In this tutorial, you will learn how to install ELK Stack 8 on Ubuntu 24.04/22.04/20.04 systems.
Table of Contents
Installing ELK Stack on Ubuntu 24.04/22.04/20.04
Install Elastic 8 Repositories on Ubuntu
To ensure that you are installing the latest stable release version Elastic components, you need to install the Elastic repository on your system.

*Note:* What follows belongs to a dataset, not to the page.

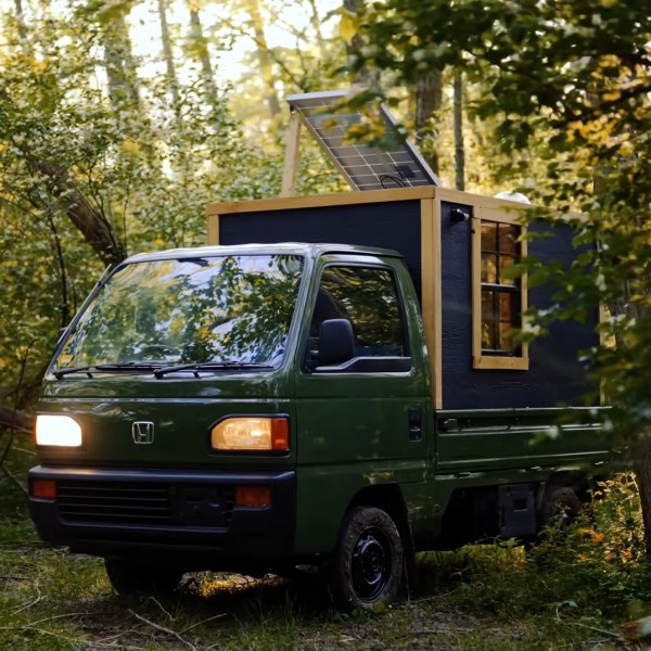 While we won’t argue one way or another on his claim to world’s smallest, as that likely depends on your definition of an RV, starting with a kei truck certainly puts you in a more compact format than something built on a bus chassis. With four wheel drive and a small footprint, this could be better for overlanding than the Rivian bed camper we featured recently.

Thus, download and install the Elastic repository GPG signing key;
sudo apt update
sudo apt install gnupg2 apt-transport-https -y
wget -qO - https://artifacts.elastic.co/GPG-KEY-elasticsearch \
| sudo gpg --dearmor -o /etc/apt/trusted.gpg.d/elasticsearch-keyring.gpg
Install Elastic APT repository;
echo "deb https://artifacts.elastic.co/packages/8.x/apt stable main"| \
sudo tee /etc/apt/sources.list.d/elk-8.list
Update the package cache;
sudo apt update
Install Elasticsearch 8 on Ubuntu 24.04/22.04/20.04
You can install Elasticsearch 8 on Ubuntu by running the command below;
sudo apt install elasticsearch -y
As you might already know, Elastic Stack 8 comes with security enabled by default. This is evident by the Elasticsearch installation output. See example output below;
Setting up elasticsearch (8.12.2) ... --------------------------- Security autoconfiguration information ------------------------------ Authentication and authorization are enabled. TLS for the transport and HTTP layers is enabled and configured. The generated password for the elastic built-in superuser is : 0suaVvMm8cqBvtSDcqgE If this node should join an existing cluster, you can reconfigure this with '/usr/share/elasticsearch/bin/elasticsearch-reconfigure-node --enrollment-token' after creating an enrollment token on your existing cluster. You can complete the following actions at any time: Reset the password of the elastic built-in superuser with '/usr/share/elasticsearch/bin/elasticsearch-reset-password -u elastic'. Generate an enrollment token for Kibana instances with '/usr/share/elasticsearch/bin/elasticsearch-create-enrollment-token -s kibana'. Generate an enrollment token for Elasticsearch nodes with '/usr/share/elasticsearch/bin/elasticsearch-create-enrollment-token -s node'. ------------------------------------------------------------------------------------------------- ### NOT starting on installation, please execute the following statements to configure elasticsearch service to start automatically using systemd sudo systemctl daemon-reload sudo systemctl enable elasticsearch.service ### You can start elasticsearch service by executing sudo systemctl start elasticsearch.service
As you can see from the above;
- Authentication and authorization are enabled (password for elastic superadmin user is generated and printed to the output).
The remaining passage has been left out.